### [Try it]
What is needed is a word-for-word copy of the lines below from the one with "Women Clothing Tie" through the one with "Bolso Ubrique Piel y Lana Cuadros Multicolor", both included, with every picture left out.

### [Exercise material]
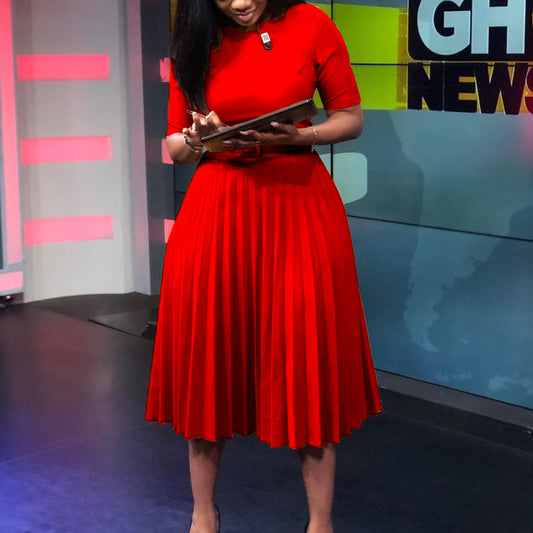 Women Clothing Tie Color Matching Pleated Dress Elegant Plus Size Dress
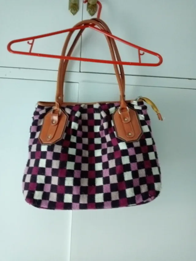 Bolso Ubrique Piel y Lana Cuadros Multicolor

---

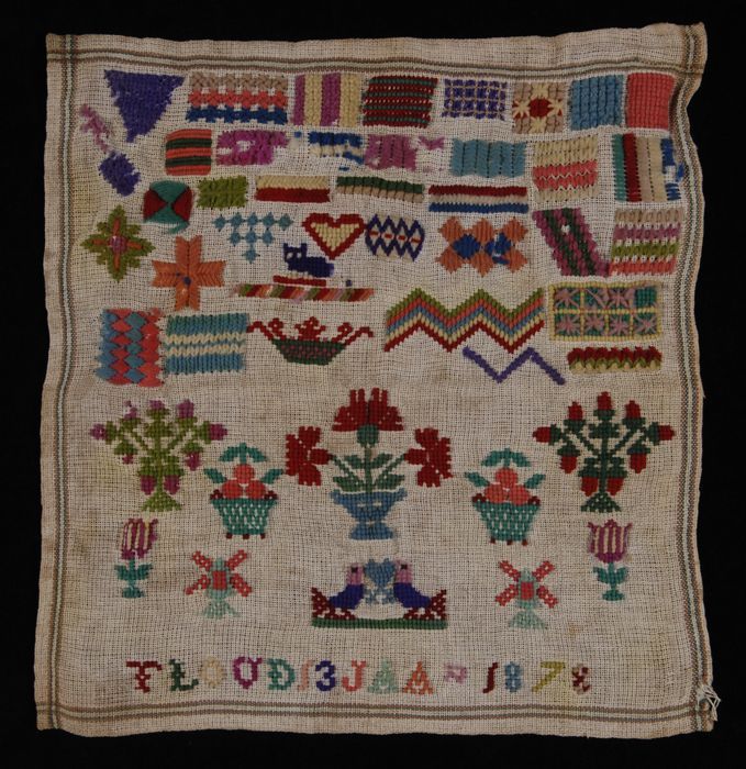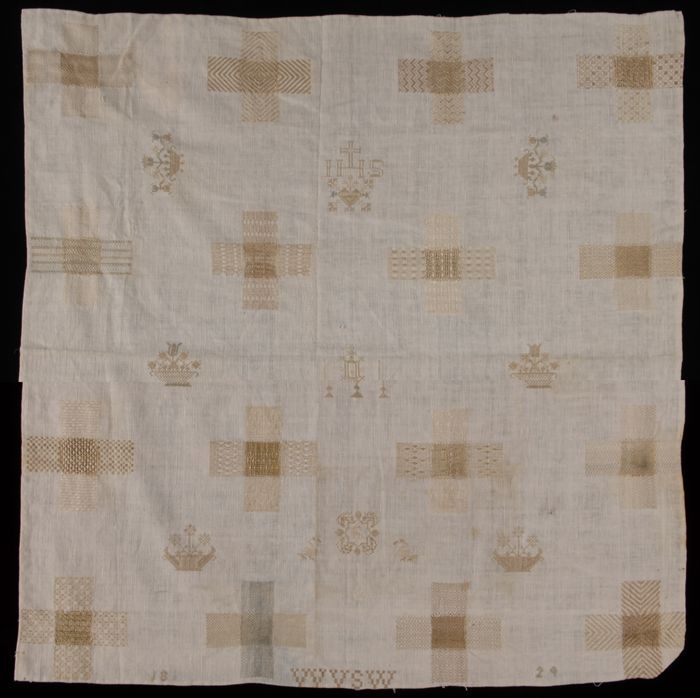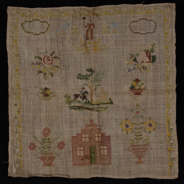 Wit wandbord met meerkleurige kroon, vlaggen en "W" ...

### [Solution for this task]
 Women Clothing Tie Color Matching Pleated Dress Elegant Plus Size Dress
 Bolso Ubrique Piel y Lana Cuadros Multicolor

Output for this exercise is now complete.